◆ The problem
The output should match the data below line for line.

---- Records to use

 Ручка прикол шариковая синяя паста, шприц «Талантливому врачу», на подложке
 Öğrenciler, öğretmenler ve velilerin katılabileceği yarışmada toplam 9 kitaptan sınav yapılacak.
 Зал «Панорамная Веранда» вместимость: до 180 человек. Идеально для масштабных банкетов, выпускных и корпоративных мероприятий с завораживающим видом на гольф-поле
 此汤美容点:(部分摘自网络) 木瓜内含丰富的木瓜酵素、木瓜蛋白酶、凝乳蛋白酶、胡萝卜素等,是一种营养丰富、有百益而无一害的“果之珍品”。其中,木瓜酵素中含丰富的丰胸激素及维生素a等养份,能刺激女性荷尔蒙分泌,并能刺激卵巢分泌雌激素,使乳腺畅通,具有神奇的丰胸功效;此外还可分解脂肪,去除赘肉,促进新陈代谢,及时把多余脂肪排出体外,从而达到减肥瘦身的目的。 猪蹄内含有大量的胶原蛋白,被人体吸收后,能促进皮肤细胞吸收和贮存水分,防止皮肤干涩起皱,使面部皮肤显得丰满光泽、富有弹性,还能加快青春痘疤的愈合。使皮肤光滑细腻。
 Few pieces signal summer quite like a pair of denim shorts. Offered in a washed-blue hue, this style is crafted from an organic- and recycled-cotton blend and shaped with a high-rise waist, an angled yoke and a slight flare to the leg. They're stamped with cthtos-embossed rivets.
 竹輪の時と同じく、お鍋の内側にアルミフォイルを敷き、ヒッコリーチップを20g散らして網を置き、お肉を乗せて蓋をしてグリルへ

--------

◆ Final answer
 Ручка прикол шариковая синяя паста, шприц «Талантливому врачу», на подложке
 Öğrenciler, öğretmenler ve velilerin katılabileceği yarışmada toplam 9 kitaptan sınav yapılacak.
 Зал «Панорамная Веранда» вместимость: до 180 человек. Идеально для масштабных банкетов, выпускных и корпоративных мероприятий с завораживающим видом на гольф-поле
 此汤美容点:(部分摘自网络) 木瓜内含丰富的木瓜酵素、木瓜蛋白酶、凝乳蛋白酶、胡萝卜素等,是一种营养丰富、有百益而无一害的“果之珍品”。其中,木瓜酵素中含丰富的丰胸激素及维生素a等养份,能刺激女性荷尔蒙分泌,并能刺激卵巢分泌雌激素,使乳腺畅通,具有神奇的丰胸功效;此外还可分解脂肪,去除赘肉,促进新陈代谢,及时把多余脂肪排出体外,从而达到减肥瘦身的目的。 猪蹄内含有大量的胶原蛋白,被人体吸收后,能促进皮肤细胞吸收和贮存水分,防止皮肤干涩起皱,使面部皮肤显得丰满光泽、富有弹性,还能加快青春痘疤的愈合。使皮肤光滑细腻。
 Few pieces signal summer quite like a pair of denim shorts. Offered in a washed-blue hue, this style is crafted from an organic- and recycled-cotton blend and shaped with a high-rise waist, an angled yoke and a slight flare to the leg. They're stamped with cthtos-embossed rivets.
 竹輪の時と同じく、お鍋の内側にアルミフォイルを敷き、ヒッコリーチップを20g散らして網を置き、お肉を乗せて蓋をしてグリルへ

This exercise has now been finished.